──────── Given information ────────
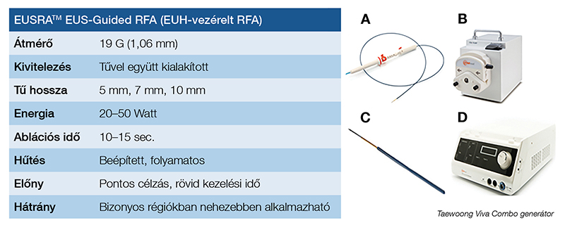 Az RFA ezenkívül a tumorantigének felszabadításával T-sejtek által mediált immunválaszt vált ki, ami apoptózis révén potenciálisan daganatellenes immunitáshoz vezet (10, 11). A technika klinikumban való alkalmazása perkután megközelítésből az 1990-es évek óta folyamatosan bővül; időközben a hepatocellularis karcinóma kezelésének egyik alappillérévé vált, ezt nemzetközi irányelvek is megállapították (12). Továbbá régóta alkalmazzák tüdő-, csont-, prosztata- és vesedaganatok esetében is. Endoszkópos alkalmazását előbb az ERCP-technikával kombinálták; legfőbb indikációi közé tartoznak a rosszindulatú epeúti vezetékszűkületek, valamint az elzáródott palliatív fémstentek rekanalizációja a stent eltávolítása nélkül (13, 14). Az intraductalisan alkalmazott technika a klinikai kihívást jelentő májkapui szűkületeknél behelyezett (nem cserélhető) bilaterális stentelzáródás esetén mutatott kifejezett előnyt (15). EUH-vezérelt alkalmazás tekintetében 1999-ben Brugge és munkatársai publikálták az első kísérletes, en­doszkópos ultrahang által vezérelt RFA-t sertésmodellben (16). A kísérletes modellek után évekig tartott a hatékony ultrahangos endoszkópok és RFA-eszközök fejlesztése. 2015-ben került kereskedelmi forgalomba az első EUSRA-rendszer, amely az echoendoszkóp munkacsatornáján bevezethető, vízhűtéses, különböző aktív véghosszúságú, monopoláris, 18 G (később 19 G) rádiófrekvenciás tűből; egy dedikált radiofrekvenciás VIVA RF-generátorból; valamint egy, a tű belsejében hűtő sóoldatot keringető pumpából áll (2. ábra).
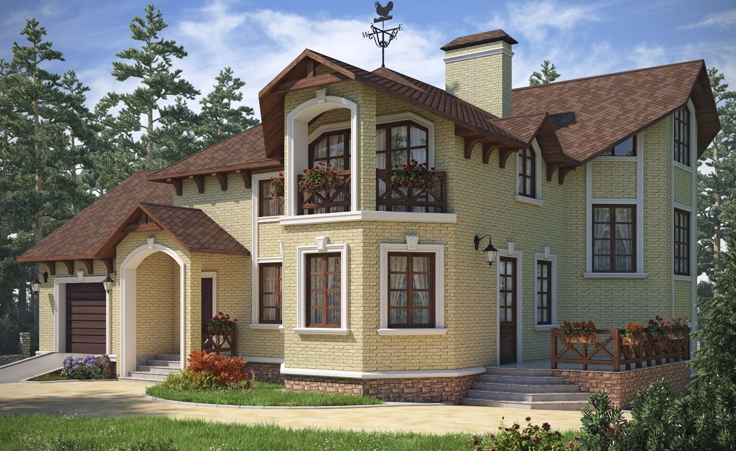 Дом с эркером и гаражом с мансардой
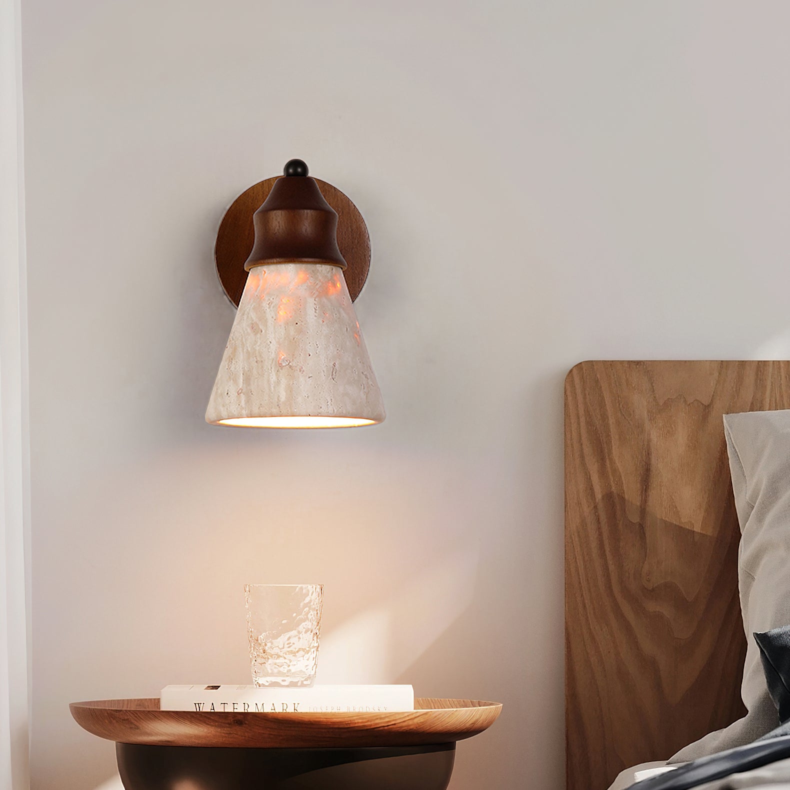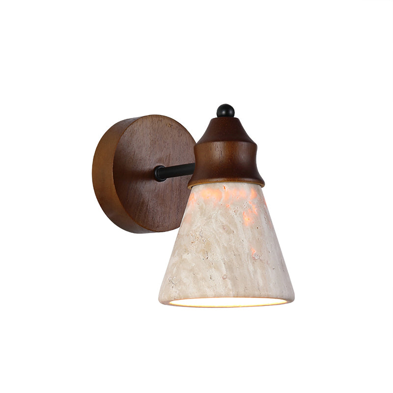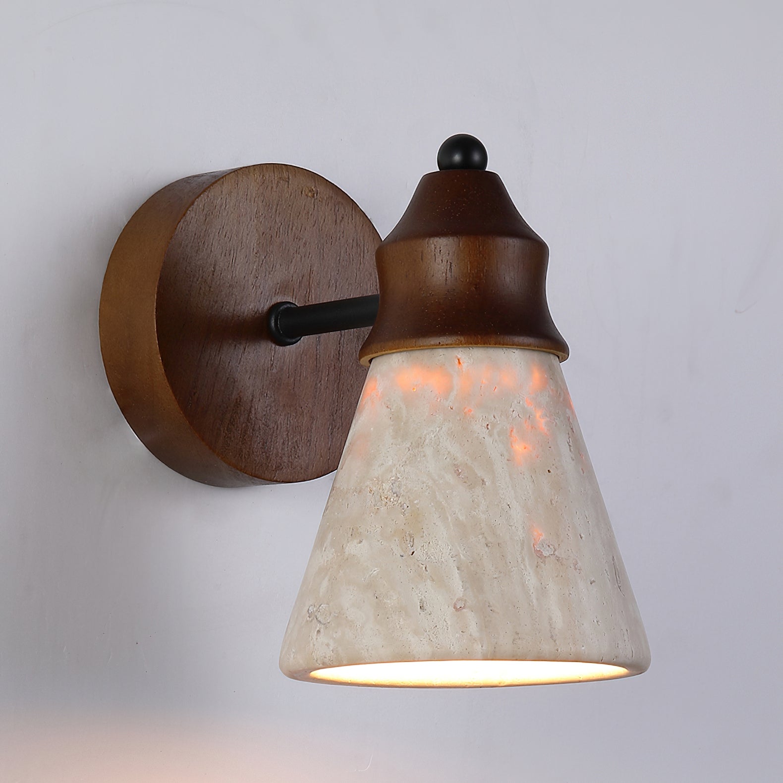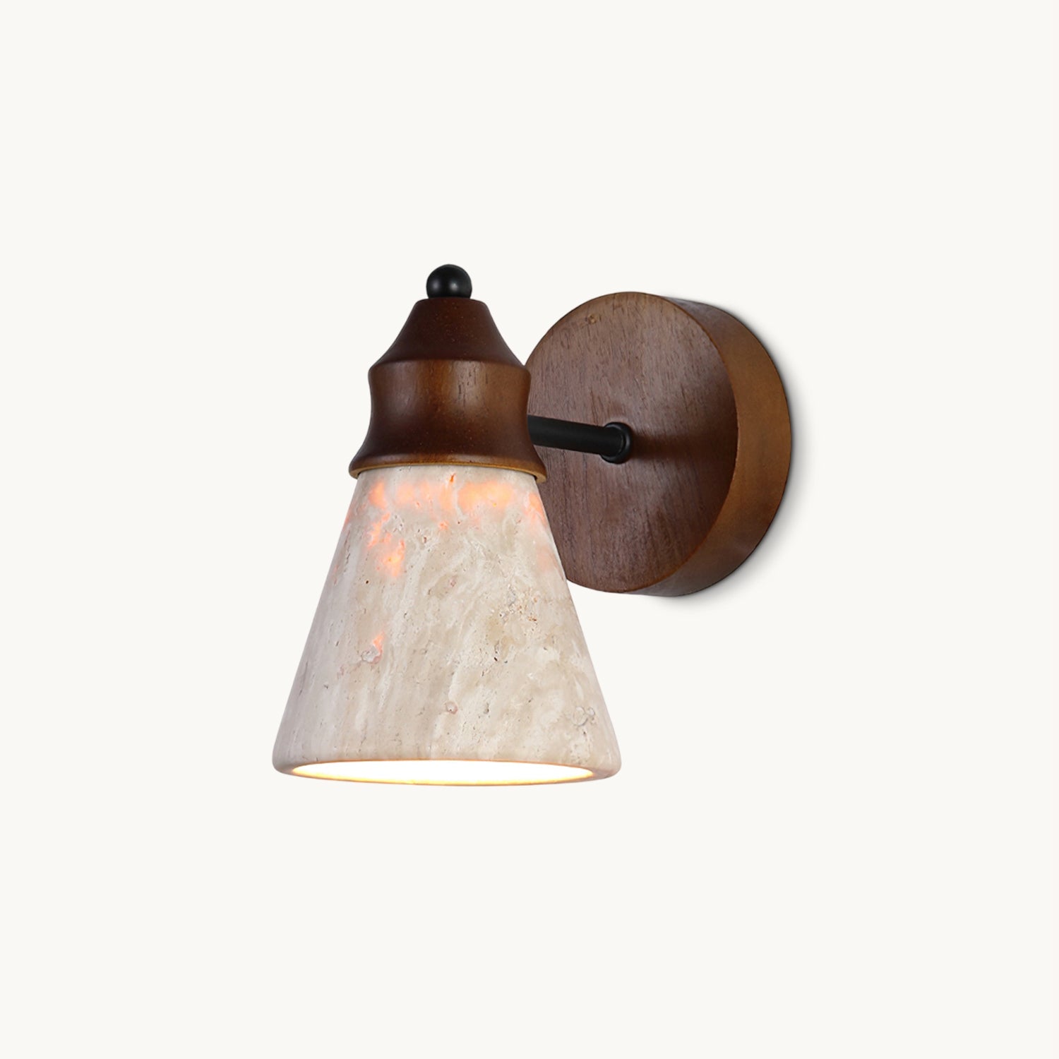 The Alagusmo Wall Lamp by Mooijane combines creamy travertine, solid wood, and matte black metal in a balanced, sculptural form. Its conical stone shade showcases natural veining and diffuses a soft, ambient glow. A warm wood accent adds organic character, while the slim metal arm brings modern contrast. Perfect for bedrooms, hallways, or reading nooks, Alagusmo offers an elegant blend of nature and contemporary design.
────────
* _Task brief_: Omit the pictures, and quote the material above exactly as given.

* _Task answer_:
 Az RFA ezenkívül a tumorantigének felszabadításával T-sejtek által mediált immunválaszt vált ki, ami apoptózis révén potenciálisan daganatellenes immunitáshoz vezet (10, 11). A technika klinikumban való alkalmazása perkután megközelítésből az 1990-es évek óta folyamatosan bővül; időközben a hepatocellularis karcinóma kezelésének egyik alappillérévé vált, ezt nemzetközi irányelvek is megállapították (12). Továbbá régóta alkalmazzák tüdő-, csont-, prosztata- és vesedaganatok esetében is. Endoszkópos alkalmazását előbb az ERCP-technikával kombinálták; legfőbb indikációi közé tartoznak a rosszindulatú epeúti vezetékszűkületek, valamint az elzáródott palliatív fémstentek rekanalizációja a stent eltávolítása nélkül (13, 14). Az intraductalisan alkalmazott technika a klinikai kihívást jelentő májkapui szűkületeknél behelyezett (nem cserélhető) bilaterális stentelzáródás esetén mutatott kifejezett előnyt (15). EUH-vezérelt alkalmazás tekintetében 1999-ben Brugge és munkatársai publikálták az első kísérletes, en­doszkópos ultrahang által vezérelt RFA-t sertésmodellben (16). A kísérletes modellek után évekig tartott a hatékony ultrahangos endoszkópok és RFA-eszközök fejlesztése. 2015-ben került kereskedelmi forgalomba az első EUSRA-rendszer, amely az echoendoszkóp munkacsatornáján bevezethető, vízhűtéses, különböző aktív véghosszúságú, monopoláris, 18 G (később 19 G) rádiófrekvenciás tűből; egy dedikált radiofrekvenciás VIVA RF-generátorból; valamint egy, a tű belsejében hűtő sóoldatot keringető pumpából áll (2. ábra).
 Дом с эркером и гаражом с мансардой
 The Alagusmo Wall Lamp by Mooijane combines creamy travertine, solid wood, and matte black metal in a balanced, sculptural form. Its conical stone shade showcases natural veining and diffuses a soft, ambient glow. A warm wood accent adds organic character, while the slim metal arm brings modern contrast. Perfect for bedrooms, hallways, or reading nooks, Alagusmo offers an elegant blend of nature and contemporary design.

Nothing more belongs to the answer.